We plugged a phone charger into the cigarette lighter socket in the front of the van. It’s a 25 Amp socket. The end broke off the charger inside the socket. A fuse saved us from a potential melt-down.
25 amps of short-circuiting 12 volt electricity creates a lot of heat. If the fuse hadn’t blown, by the time we’d realized there was a problem and disconnected the battery there might not have been much left of the central console in the dash.
Mercedes did a nice job of protecting their electrical system. We decided to do an equally safe job of the electrical stuff we added to the vehicle.
Pretty much all the safety-related components in the electrical system come from Blue Sea Systems. They make marine-grade 12- and 24-volt electrical distribution panels, mains breakers, and other electrical components for boats. Their products are very high quality, but like everything else that has the word “marine” in its name, they cost about twice as much as regular domestic components.
What makes them so appealing, though, is that they are designed to be used in confined spaces inside moving vehicles. Their DC voltage equipment is also very heavy-duty. DC switches need to be designed differently than mains AC switches, because the high current can weld the switch contacts together if they don’t have the right gap to stop arcing.
We designed our system with switches to isolate each part. The battery can be completely switched “off” so it doesn’t give power to any part of the system. The solar panels can be switched off so they don’t give power to the charger. The DC distribution panel can be switched off so it doesn’t power any of the DC loads. The incoming 120 volt AC shore power can be switched off at a 30 Amp breaker, and the 120 volt AC power generated by the inverter can be switched off at a 30 amp breaker on the AC distribution panel. Basically, if you switch all of these switches to their “off” position, no electricity should be flowing in the van.
Switches are how you turn the power off manually, but what if there’s a problem like a short circuit, and the power starts getting sucked through the wires at dangerous levels? Well, eventually the wires will melt. That sort of solves the problem because now the power won’t flow any more but it also creates other problems, like potentially starting a fire.

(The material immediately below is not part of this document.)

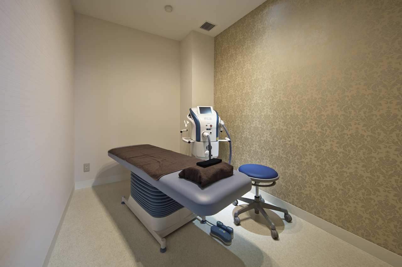 しみ、しわ、たるみなどのお肌のトラブル改善に効果的なフォトフェイシャルを行う専用ルームです。当院では、従来の施術よりも高い効果が得られる「フォトフェイシャルM22」を導入しています。

That’s what fuses and breakers are for. You can think of fuses as a piece of wire that’s designed to melt before the cables in your van get too hot. If the power running through the cable is at safe levels, the fuse does nothing. If the power is being sucked through too fast, the fuse melts so that the power can’t flow any more. Breakers do a similar thing, but rather than melting, they automatically trip a switch.
We used fuses in several places around the system too. The power from the battery flows through a massive 500 Amp fuse. That’s to protect the battery from being sucked completely dry by a short-circuit across the main power terminals. If that one blows, we’ve got major problems but it should at least prevent massive catastrophic damage to the battery or to any people in the area.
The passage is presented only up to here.